The pathological significance of ZIPK in the brain is less studied than that of DAPK1, likely due to differences in the expression patterns. DAPK1 is highly expressed at neuronal synapses, while ZIPK is mainly detected in brain endothelial cells according to previous research [9, 58]. ZIPK modulates endothelial cell contraction by phosphorylating the myosin light chain, thereby affecting the endothelium permeability important for maintaining BBB integrity [47]. The Evans blue assay demonstrated that Zipk+/− mice had less BBB leakage compared with WT mice after brain injury (Fig. 6I), which is consistent with the protection of endothelial-induced deletion of ZIPK against ischemia–reperfusion damage in mice [9]. Since ZIPK was globally downregulated in Zipk+/− mice, we could not exclude the possibility that the preservation of BBB integrity was caused by reduced expression of ZIPK in the endothelium. Apart from characterizing neurite markers directly linked to neuronal survival, we have also analyzed the activation of glial cells in the mouse models, although there was no evident colocalization between ZIPK and GFAP or Iba1 (Fig. 1E). Activation of astrocytes and microglia is an acute and widespread response toward TBI-induced brain damage in the injury area [59]. The breakdown of BBB also exacerbates glial activation by recruiting neutrophils and other immune factors to the injury site, all of which contribute to the focal inflammatory response in TBI [60, 61]. We observed a considerable decrease in GFAP levels (Fig. 6G), and a descending trend in Iba1 signals in Zipk+/− mice after CCI injury. We hypothesize that the attenuation of glial activation after ZIPK knockdown might be attributed to indirect mechanisms such as reduced neuronal damage or BBB breakdown in Zipk+/− mice.
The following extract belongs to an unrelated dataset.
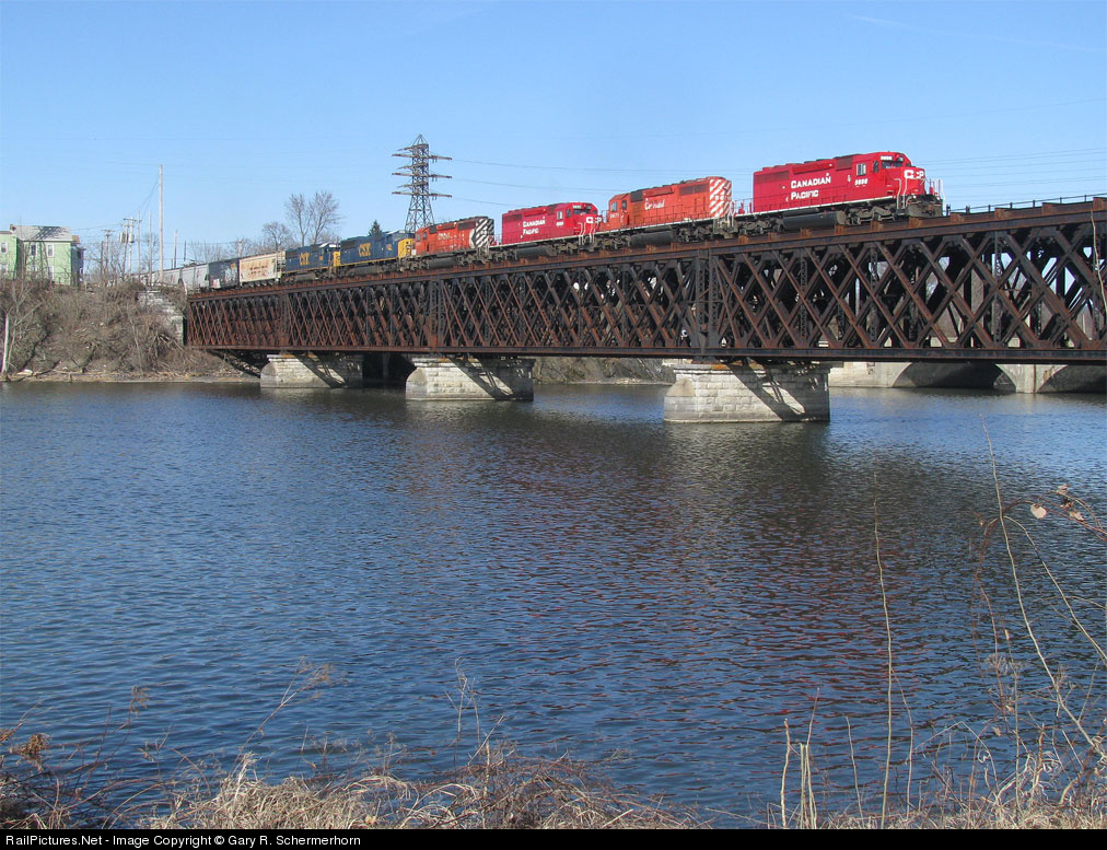 This late arrival, delayed by a maintainer checking out a possible small crack in the gauge at Menands, made for a heaven sent gem catch over the blue waters of the Mohawk Runoff. Power is four SD40-2s; CP '5698','5671','5690'&'5691' followed by two CSXT units, SD70M '4530' and SD50-3 '2453' being delivered back to NY State from Canada.

TBI is known to cause short-term and long-lasting behavioral impairments including motor and sensory deficits and neurocognitive sequelae [62, 63]. Anxiety-like behavior and memory dysfunction are two common phenotypes in rodent TBI models [64]. Zipk haploinsufficiency ameliorated TBI-induced anxiety-like phenotype by increasing the exploratory behavior in the open field test (Fig. 7A–D). There was also a moderate but significant improvement in spatial learning and memory behavior in Zipk+/−-TBI mice (Fig. 7E–I). The cognitive recovery is accompanied by a reduction in neuronal loss and the restoration of dendritic and axonal integrity. The beneficial effect of Zipk haploinsufficiency on CCI-induced behavioral impairments is similar to the effect of DAPK1 knockout on long-term cognitive dysfunction in a weight-drop TBI model [21]. We performed analyses for up to 16 days after TBI in the present study, whereas we assessed behavioral phenotypes at 3.5 and 5 months after TBI in the previous study [21]. In the HS38 treatment experiment, we pretreated the mice with ZIPK inhibitor once and determined the efficacy in the acute phase after injury (2 days). HS38 is able to suppress DAPK1 due to the highly homologous kinase domains in DAPK family proteins. Besides, DAPK1 is upregulated after TBI. Although the data from Zipk+/− mice and ZIPK knockdown cells support that partial deletion of ZIPK effectively ameliorated neuronal loss and cognitive impairment, we cannot exclude the potential contribution of DAPK1 inhibition by HS38 in the inhibitor treatment experiments. Further studies are needed to dissect the distinct role of DAPK1 and ZIPK in the pathogenesis of TBI. The long-term effects of ZIPK downregulation or kinase inhibition on TBI-induced cognitive dysfunction warrants further analysis. Notably, Zipk+/− mice performed identically to WT mice in all the behavioral tests, indicating that Zipk haploinsufficiency is unlikely to negatively affect the overall neurological function, which aligns well with the comparable brain morphology and body size between two genotypes. Thus, Zipk haploinsufficiency or conditional knockout could be a viable approach for investigating the pathophysiological role of ZIPK in neurological disorders [30]. Besides, considering the vital function of ZIPK in non-neuronal cells, strategies for the targeted delivery of highly selective ZIPK inhibitors are needed for TBI treatment in the future.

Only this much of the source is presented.